WHAT THE EXERCISE ASKS :: A verbatim reproduction of the lines below, from the line containing "Thyasira biplicata di" through the line containing "Niềm vui của", both ends included, is the whole required output.

EXCERPTED DATA ::
"""
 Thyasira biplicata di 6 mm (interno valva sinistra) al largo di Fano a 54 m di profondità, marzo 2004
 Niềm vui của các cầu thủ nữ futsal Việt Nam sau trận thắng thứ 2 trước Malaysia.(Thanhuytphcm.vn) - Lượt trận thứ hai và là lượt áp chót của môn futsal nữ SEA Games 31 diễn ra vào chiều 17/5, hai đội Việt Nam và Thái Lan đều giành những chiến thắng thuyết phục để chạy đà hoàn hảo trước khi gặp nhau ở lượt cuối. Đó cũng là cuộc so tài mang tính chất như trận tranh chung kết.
"""
"""
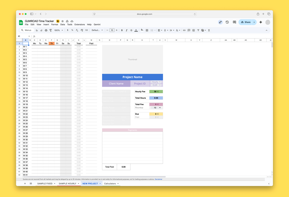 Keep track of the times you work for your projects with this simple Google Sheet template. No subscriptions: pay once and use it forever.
"""
ANSWER AREA ::
 Thyasira biplicata di 6 mm (interno valva sinistra) al largo di Fano a 54 m di profondità, marzo 2004
 Niềm vui của các cầu thủ nữ futsal Việt Nam sau trận thắng thứ 2 trước Malaysia.(Thanhuytphcm.vn) - Lượt trận thứ hai và là lượt áp chót của môn futsal nữ SEA Games 31 diễn ra vào chiều 17/5, hai đội Việt Nam và Thái Lan đều giành những chiến thắng thuyết phục để chạy đà hoàn hảo trước khi gặp nhau ở lượt cuối. Đó cũng là cuộc so tài mang tính chất như trận tranh chung kết.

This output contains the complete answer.